> **Exercise description**:
Would you retype exactly the lines below, starting with the one that has "RAM-B-149Z-GA21 RAM U-BOLT" and going on through the one that has "30 ml bottle", with no pictures and nothing else?

> **Information given**:
+-------+

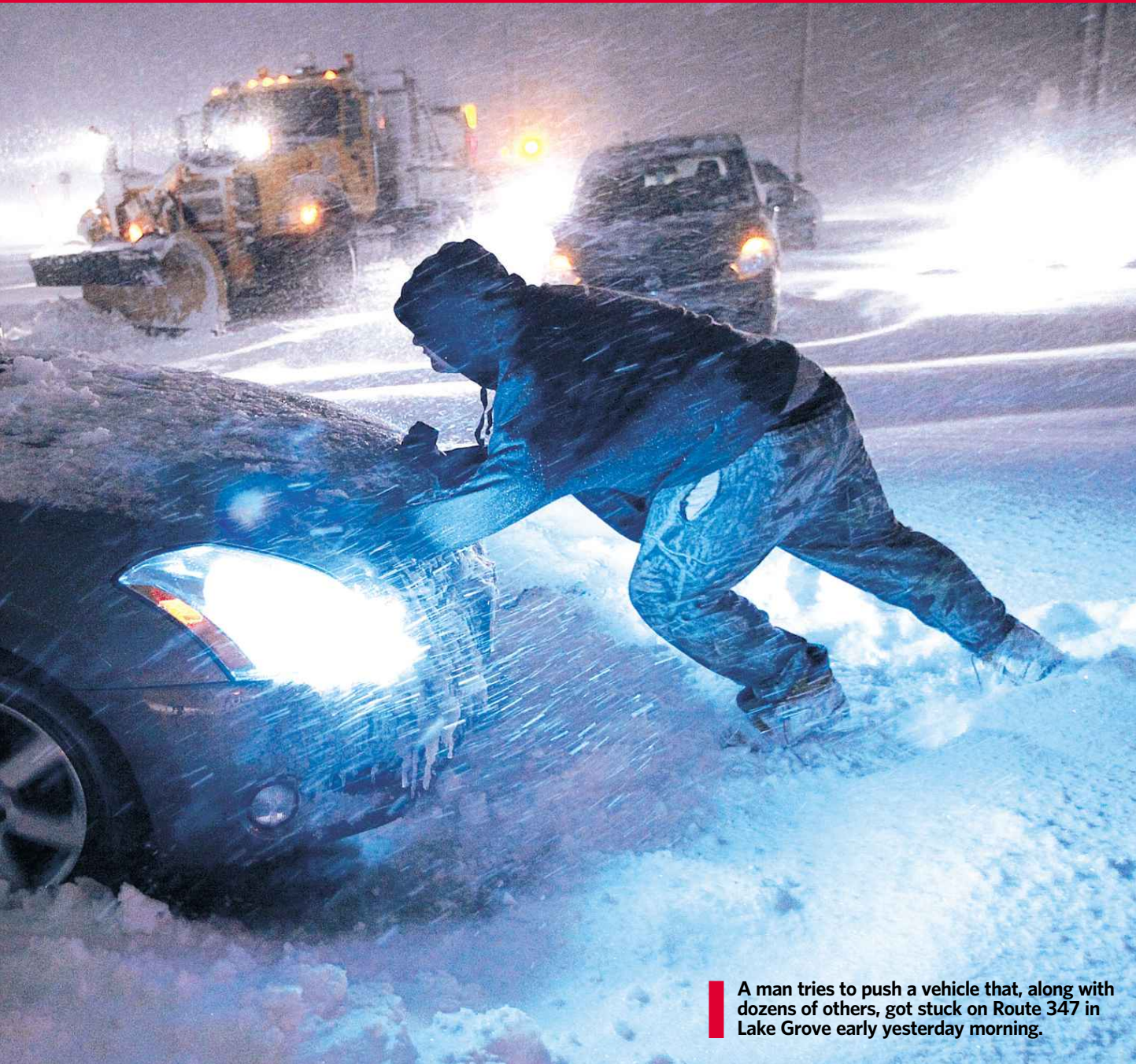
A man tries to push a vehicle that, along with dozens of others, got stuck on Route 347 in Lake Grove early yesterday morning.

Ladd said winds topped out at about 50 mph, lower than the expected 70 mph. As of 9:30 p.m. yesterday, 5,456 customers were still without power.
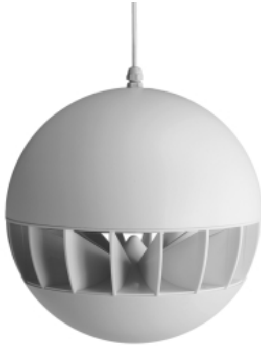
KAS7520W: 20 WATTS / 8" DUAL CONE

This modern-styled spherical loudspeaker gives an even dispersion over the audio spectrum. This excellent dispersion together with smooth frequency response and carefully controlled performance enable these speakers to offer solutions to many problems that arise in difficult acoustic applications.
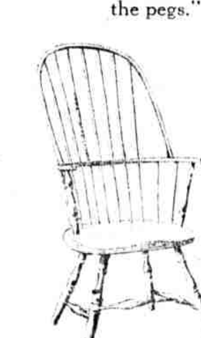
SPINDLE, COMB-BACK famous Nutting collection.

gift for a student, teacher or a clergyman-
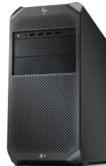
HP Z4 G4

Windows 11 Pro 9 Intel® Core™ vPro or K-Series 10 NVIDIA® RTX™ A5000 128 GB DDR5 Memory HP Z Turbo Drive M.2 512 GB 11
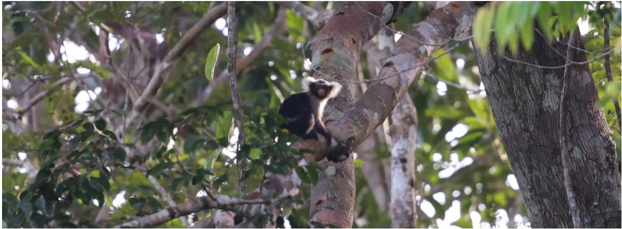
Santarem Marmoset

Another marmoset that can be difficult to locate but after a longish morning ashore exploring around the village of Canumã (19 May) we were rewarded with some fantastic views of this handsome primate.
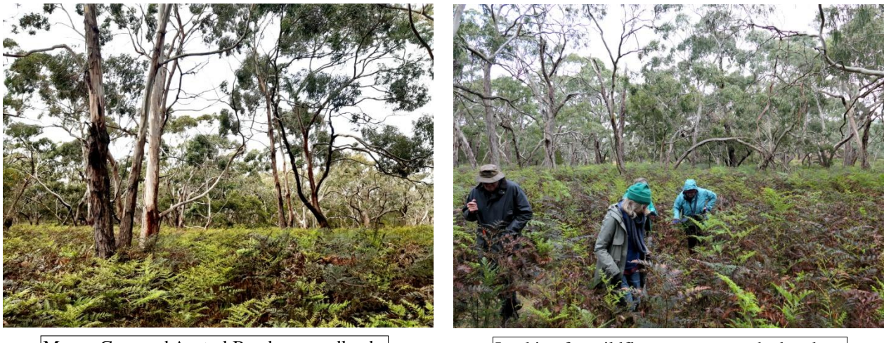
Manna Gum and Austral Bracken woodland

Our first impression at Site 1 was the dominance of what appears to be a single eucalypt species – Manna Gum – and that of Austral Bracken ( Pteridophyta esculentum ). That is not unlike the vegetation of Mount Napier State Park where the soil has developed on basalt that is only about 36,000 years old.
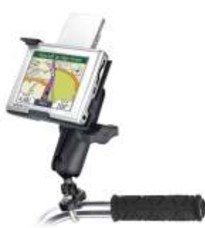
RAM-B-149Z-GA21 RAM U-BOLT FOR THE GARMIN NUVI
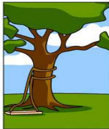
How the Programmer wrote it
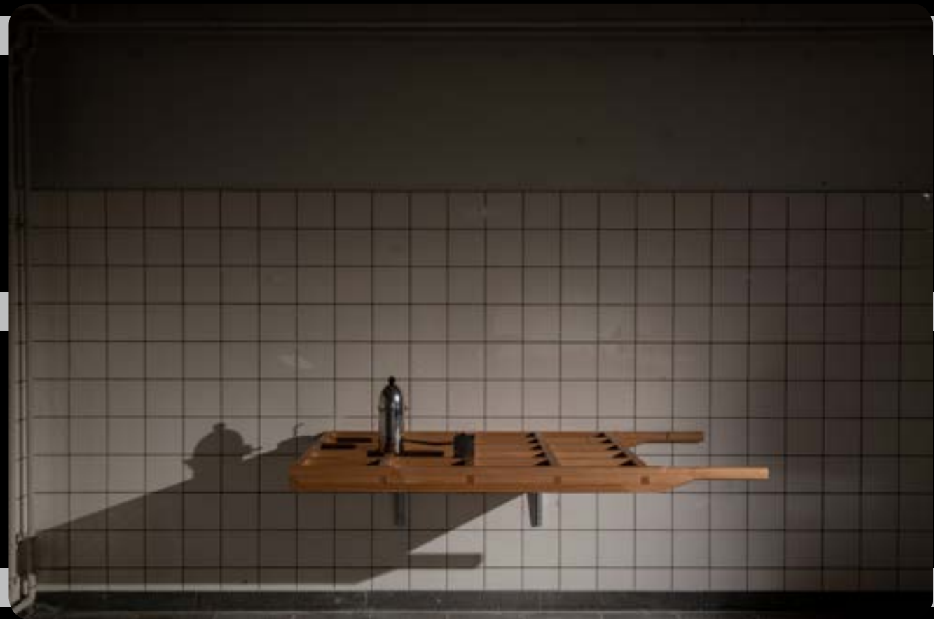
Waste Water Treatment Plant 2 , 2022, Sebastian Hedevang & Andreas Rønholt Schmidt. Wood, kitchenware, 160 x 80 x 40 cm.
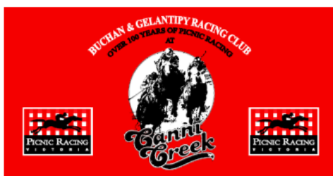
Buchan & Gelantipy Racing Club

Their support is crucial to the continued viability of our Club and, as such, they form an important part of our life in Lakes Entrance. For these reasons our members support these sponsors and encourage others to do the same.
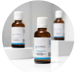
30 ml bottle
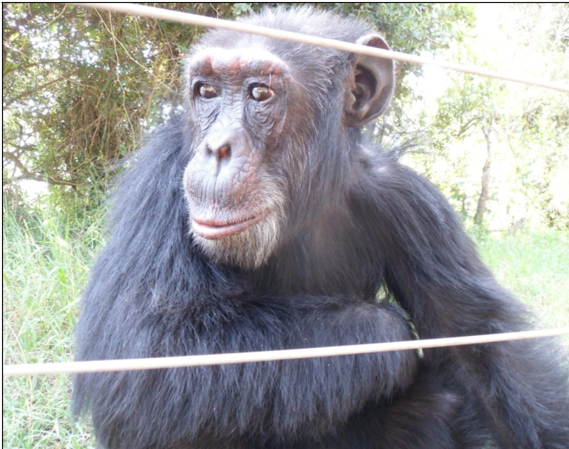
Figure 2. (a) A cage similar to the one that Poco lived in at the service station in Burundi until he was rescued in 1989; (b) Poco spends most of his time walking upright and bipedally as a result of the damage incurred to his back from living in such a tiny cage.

+-------+

> **Your response**:
RAM-B-149Z-GA21 RAM U-BOLT FOR THE GARMIN NUVI
How the Programmer wrote it
Waste Water Treatment Plant 2 , 2022, Sebastian Hedevang & Andreas Rønholt Schmidt. Wood, kitchenware, 160 x 80 x 40 cm.
Buchan & Gelantipy Racing Club

Their support is crucial to the continued viability of our Club and, as such, they form an important part of our life in Lakes Entrance. For these reasons our members support these sponsors and encourage others to do the same.
30 ml bottle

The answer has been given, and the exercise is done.